Così anche l’organizzazione Medecins sans Frontières (MSF) che, per voce del delegato per la Svizzera italiana Giacomo F. Lombardi spiega il progetto in Kirghizistan dove l’alto tasso di tumori al collo dell’utero e al seno necessita di un intervento mirato per riuscire a introdurre strumenti che portino a una diagnosi precoce e a una prognosi migliore: «Nel 2023 nel distretto di Sokuluk, Medici Senza Frontiere si è concentrata sulla fornitura di screening e trattamenti alle donne a rischio di cancro al collo dell’utero e al seno e ha sostenuto i servizi di salute mentale. Su questa linea, in collaborazione con il Ministero della Salute, le équipe di MSF gestiscono due cliniche di screening per i tumori al seno e al collo dell’utero nel distretto di Sokuluk, nella provincia di Chui». In linea con la situazione illustrata dal professor Cavalli e a parte la regione di Sokuluk, Lombardi lamenta la carenza di accesso alla diagnosi precoce. È qui che si inserisce il progetto di MSF per la presa a carico precoce diagnostica e terapeutica: «In questo Paese vogliamo fare la differenza per la stragrande maggioranza di donne (80%) che riceve una diagnosi allo stadio finale, dunque incurabile, e non ha accesso neppure a una terapia palliativa come succede da noi». In un biennio MSF ha creato una cellula autonoma che può essere riprodotta anche in altri luoghi in termini di centro di formazione dei sanitari e di diagnosi precoce: «Un intervento che va incontro all’emergenza della carenza di accesso alle cure, anche nell’ambito oncologico: abbiamo dato gli strumenti ai sanitari locali per permettere loro di far crescere quest’iniziativa verso il miglioramento delle capacità di screening che consentirà di salvare più vite umane, a dimostrazione che pure un intervento umanitario in ambito oncologico può essere incisivo; se ne parla poco e per questo è un tema degno di grande attenzione».

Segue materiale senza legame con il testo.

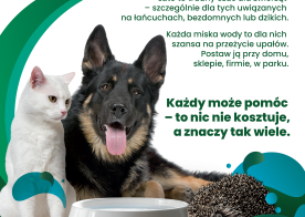 2025-08-18 Miska życia – pomóż zwierzętom przetrwać upały Lato to trudny czas dla zwierząt – szczególnie uwiązanych na łańcuchach, bezdomnych i dzikich. Każda miska wody to dla nich szansa na przeżycie upałów. Postaw ją przy domu, sklepie, firmie, w parku. Każdy może pomóc – to nic nie kosztuje, a znaczy tak wiele. Dla Ciebie to chwila, dla nich – życie.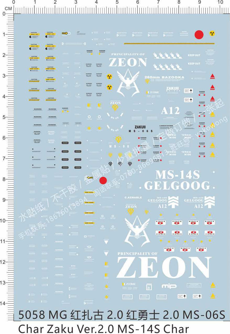 1 x 1/100 Scale MG MS-06S Char Zaku Ver.2.0 MS-14S Char Model Decal 5058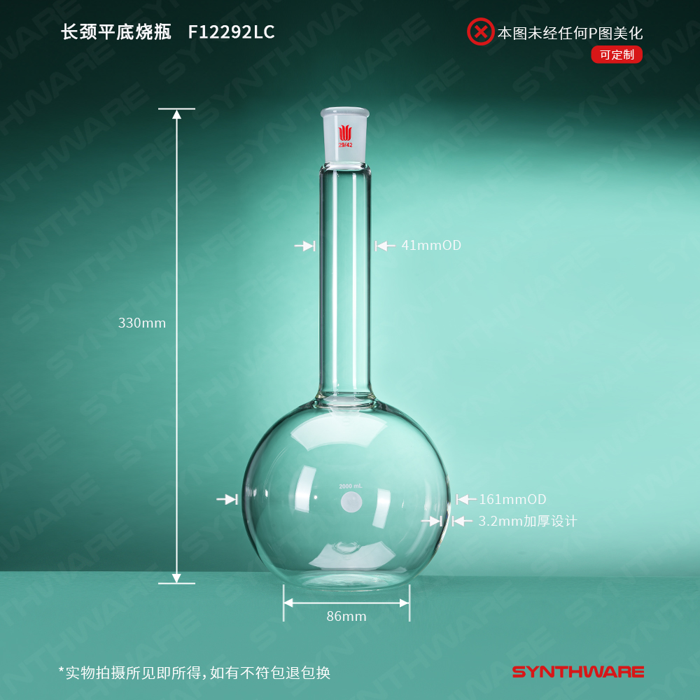 长颈平底烧瓶,磨口:29/42,容量:2000ml,颈长度175mm F12292LC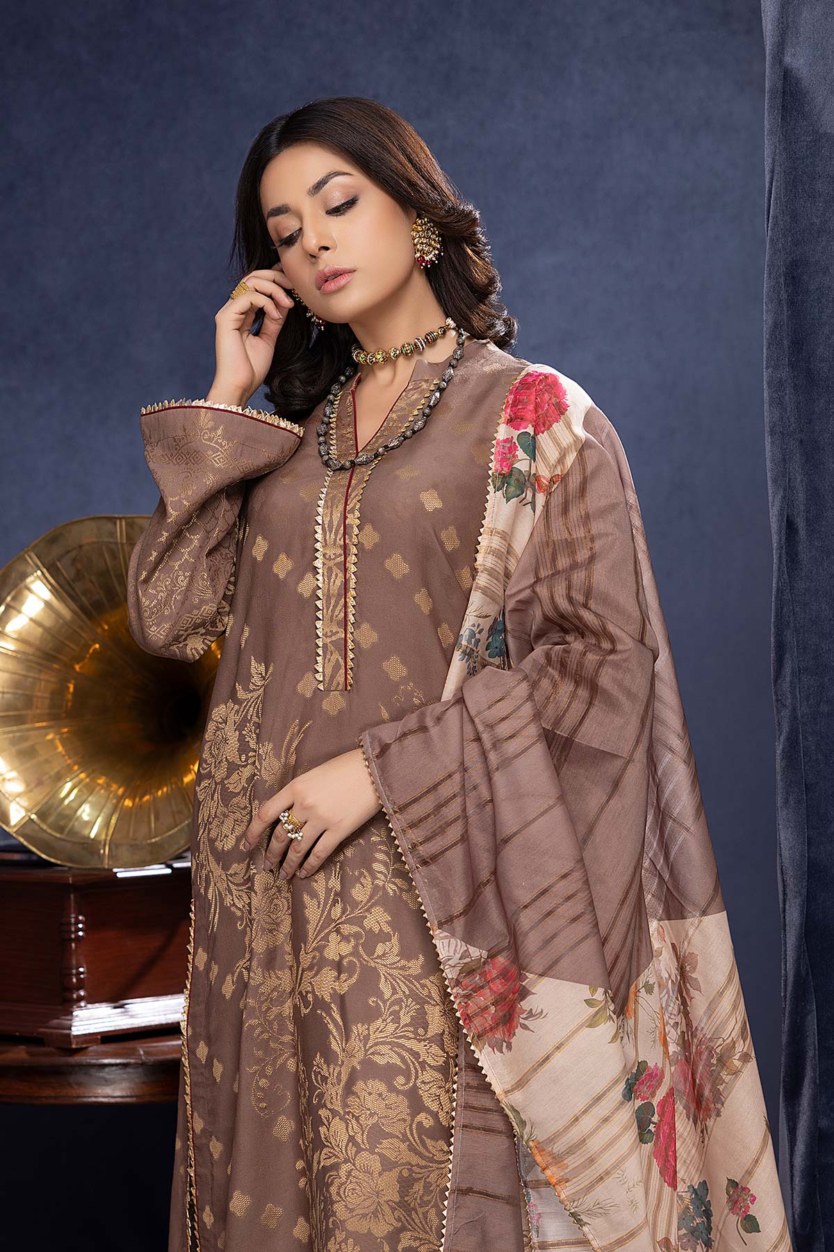 - broshia jequared shirt - front back and sleeves finished with laces and stitching details - digital printed zaari organza dupatta finished with laces and stitching details - linen qlot trouser finished with lace and stitching details body length xs 45",s 45",m 46", l 46"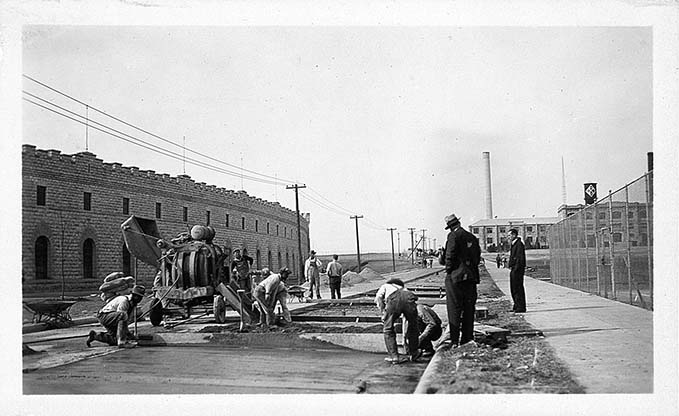 Laying cement for roadwy east of Memorial stadium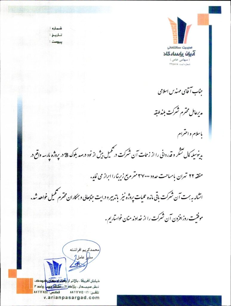 تقدیر نامه و پیام تشکر و قدردانی آقای مهندس افراشته مدیر عامل محترم شرکت ساختمانی آریان پاسارگاد، کارفرمای محترم پروژه برج ۲۴ طبقه پارسه،به جناب آقای مهندس اسلامی مدیرعامل محترم شرکت بلند طبقه بابت قدردانی از زحمات شرکت بلندطبقه در تکمیل بیش از ۹۰ درصد بلوک B پروژه پارسه.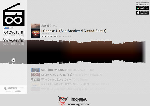 Forever.FM:在线随机音乐电台是一个基于Soundcloud音乐网站的网页电台,该电台设计简单,无花哨的操作界面,音乐与音乐间没有广告,整个网站只有一个播放、暂停按钮,你唯一需要做的就是打开...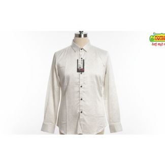Cream Dotted Print Cotton Shirt with Long Sleeves

Nel sottolineare la comprovata mancanza di pari opportunità fra Paesi industrializzati e Paesi poveri, Lombardi ribadisce la necessità di migliorare l’accesso alla diagnosi e alle cure anche in questi ultimi: «In Kirghizistan non c’è benessere diffuso e manca l’accesso alle cure, ma con un sistema sanitario presente si può fare comunque molto. Il nostro progetto nel distretto di Sokuluk dimostra che, anche senza cambiare la realtà delle cose in modo repentino, il numero di vite che si riesce a salvare è un multiplo significativo delle donne che altrimenti morirebbero se si forniscono gli strumenti per una diagnosi precoce e la relativa presa a carico». E infine sottolinea un concetto valido più che mai anche alle nostre latitudini: «La prevenzione non è un business: è vero che fa risparmiare soldi perché la presa a carico risulta meno dispendiosa (oltre che con una migliore prognosi), ma la realtà è che salva un sacco di vite in più, dovunque».